- [Exercise] Return the full listing word for word, but drop every picture from it.

- [Data excerpts]
__________
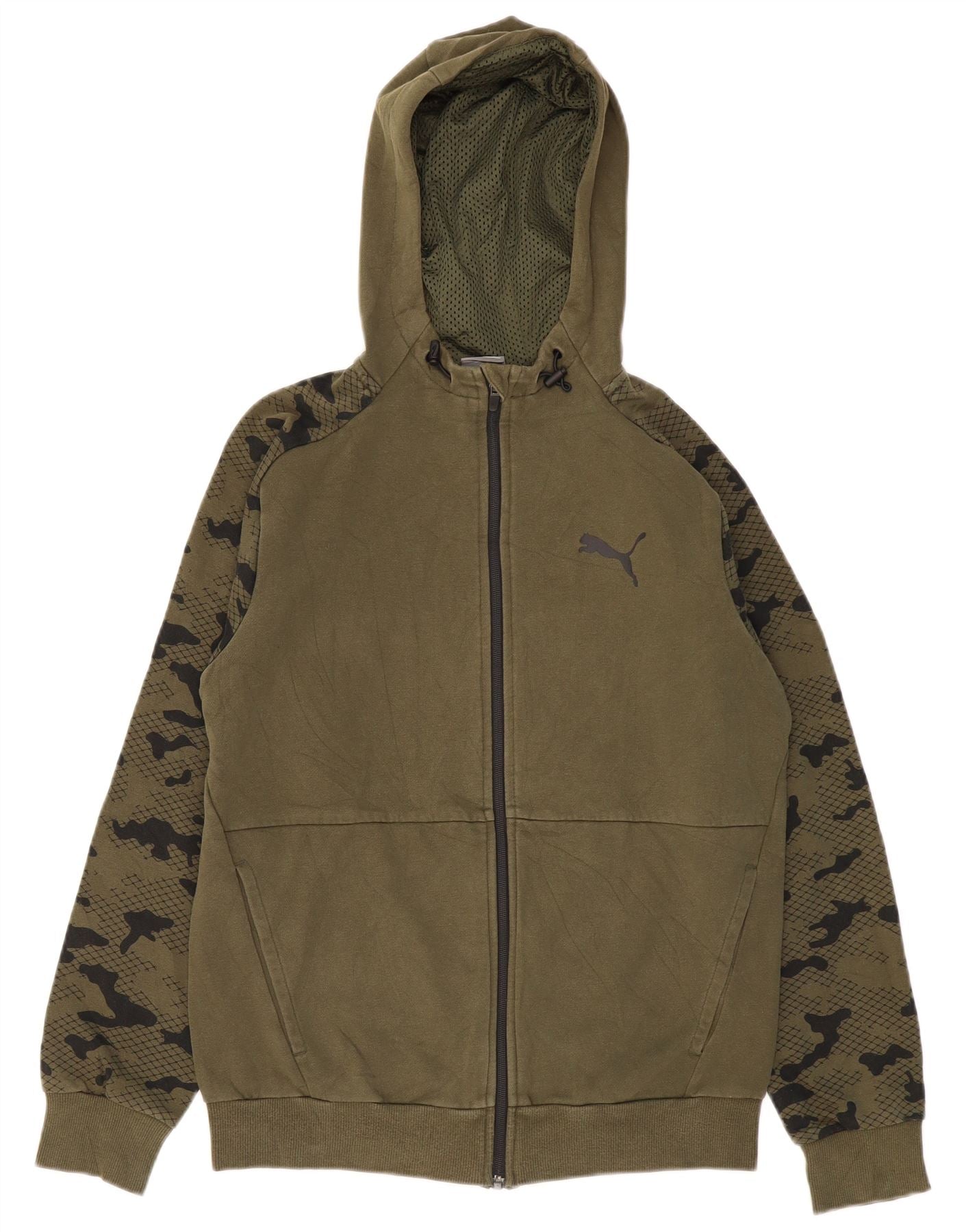 Suéter masculino PUMA com capuz e zíper pequeno camuflado cáqui
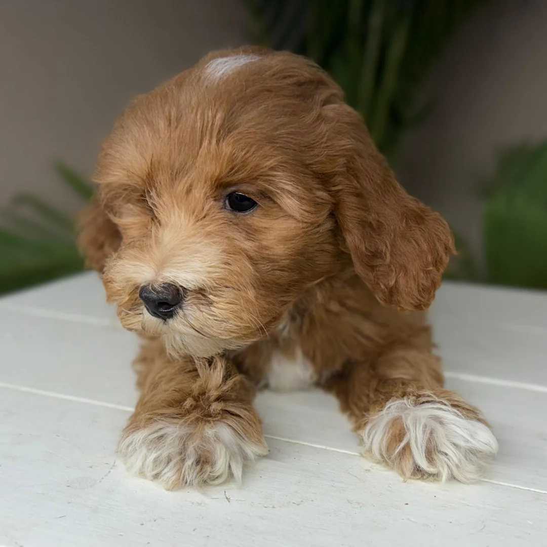 Meet Antonia, an elite apricot Goldendoodle puppy with exceptional structure, personality, and temperament. At 7 months, she displays the highly sought-after traits of an F1b Goldendoodle puppy: hypoallergenic, low-shedding, intelligent, and remarkably affectionate. Her apricot coat is soft, luxurious, and easy to maintain with regular grooming, making her ideal for allergy-sensitive homes.
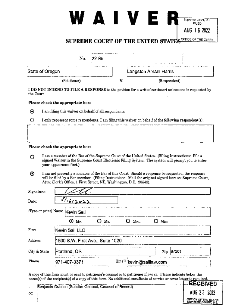 WAIVESupreme Court. U.S. FILED! AUG 1 6 2022SUPREME COURT OF THE UNITED OFFICE OF THE CLERK No. 2285 State of OregonLangston Mani Harris (Petitioner)V.(Respondent)I DO NOT INTEND TO FILE A RESPONSE
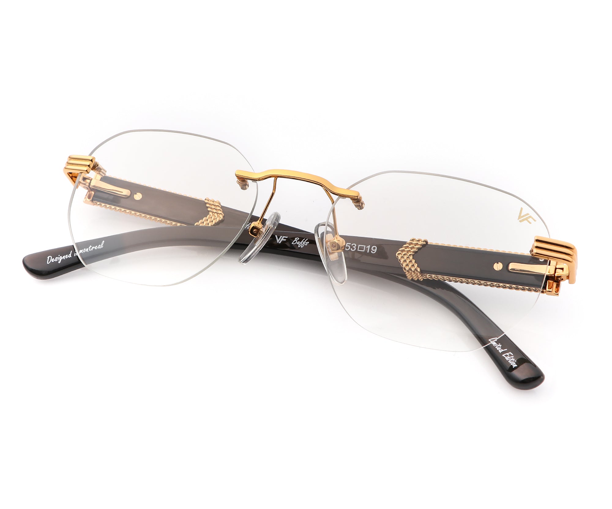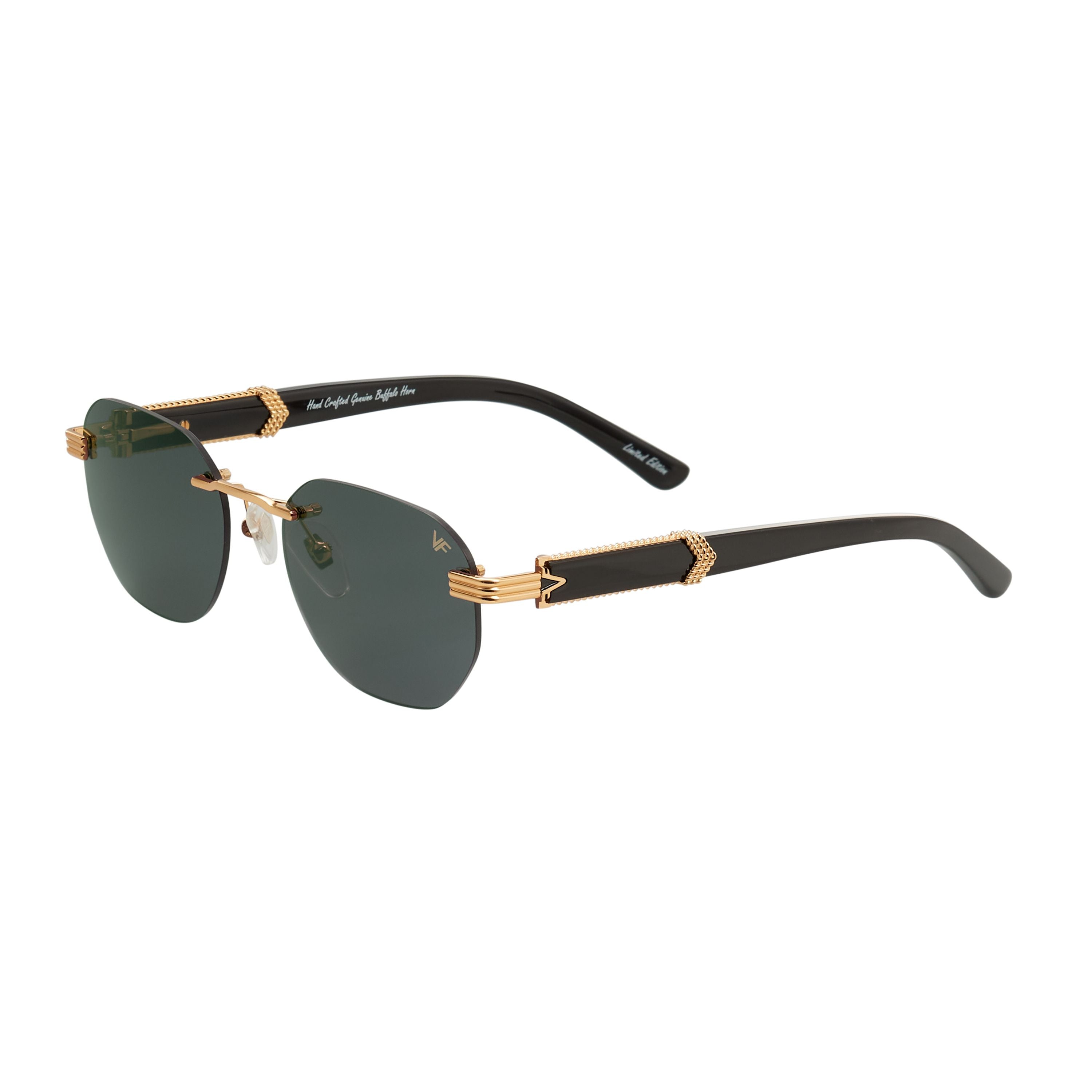 The VF Buffs are named after the street slang of buffalo horn glasses. Buffalo horn was the original material used in eyewear production in the 1940s and 50s. Our detroit player drill mount buffalo horn edition features arms made of sustainably source, genuine buffalo horn, reinforced with 24KT gold hardware. Each VF buff shows a unique pattern as they come from different horns and come in a video box telling the story behind the frame.
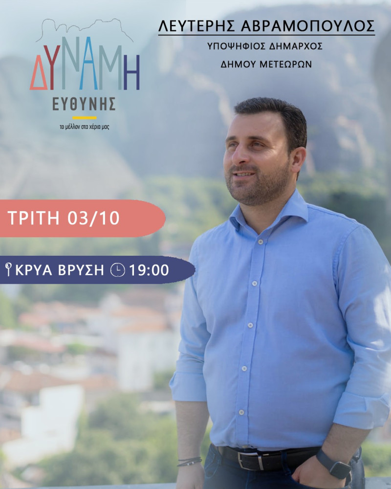 Ανακοινώθηκε το πρόγραμμα επισκέψεων του Υποψηφίου Δημάρχου Δήμου Μετεώρων Λευτέρη Αβραμόπουλου για την Τρίτη 3/10
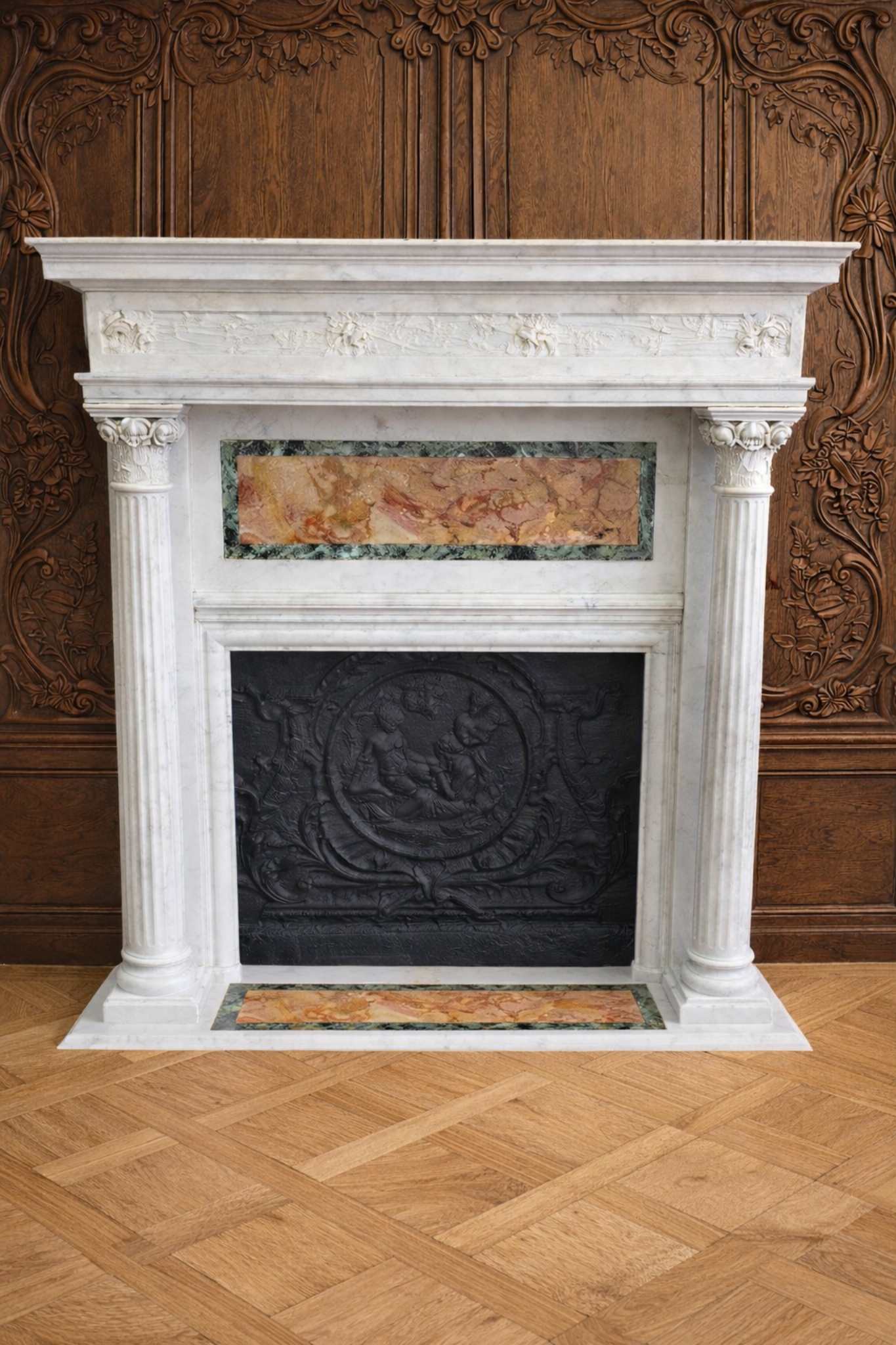 Rarissime cheminée Art nouveau realisee en marbre blanc carrare provenant d’un appartement parisien à décors de grandes colonnes détachées et chapiteaux sculptes , double bandeau l’un à décors de marqueterie de marbre brèche saint maximin et vert de mer l’autre à décors de fines sculptures représentant des fleurs dans le gout floréal , cheminée entièrement restaurée dans nos ateliers.
__________
- [Written solution]
 Suéter masculino PUMA com capuz e zíper pequeno camuflado cáqui
 Meet Antonia, an elite apricot Goldendoodle puppy with exceptional structure, personality, and temperament. At 7 months, she displays the highly sought-after traits of an F1b Goldendoodle puppy: hypoallergenic, low-shedding, intelligent, and remarkably affectionate. Her apricot coat is soft, luxurious, and easy to maintain with regular grooming, making her ideal for allergy-sensitive homes.
 WAIVESupreme Court. U.S. FILED! AUG 1 6 2022SUPREME COURT OF THE UNITED OFFICE OF THE CLERK No. 2285 State of OregonLangston Mani Harris (Petitioner)V.(Respondent)I DO NOT INTEND TO FILE A RESPONSE
 The VF Buffs are named after the street slang of buffalo horn glasses. Buffalo horn was the original material used in eyewear production in the 1940s and 50s. Our detroit player drill mount buffalo horn edition features arms made of sustainably source, genuine buffalo horn, reinforced with 24KT gold hardware. Each VF buff shows a unique pattern as they come from different horns and come in a video box telling the story behind the frame.
 Ανακοινώθηκε το πρόγραμμα επισκέψεων του Υποψηφίου Δημάρχου Δήμου Μετεώρων Λευτέρη Αβραμόπουλου για την Τρίτη 3/10
 Rarissime cheminée Art nouveau realisee en marbre blanc carrare provenant d’un appartement parisien à décors de grandes colonnes détachées et chapiteaux sculptes , double bandeau l’un à décors de marqueterie de marbre brèche saint maximin et vert de mer l’autre à décors de fines sculptures représentant des fleurs dans le gout floréal , cheminée entièrement restaurée dans nos ateliers.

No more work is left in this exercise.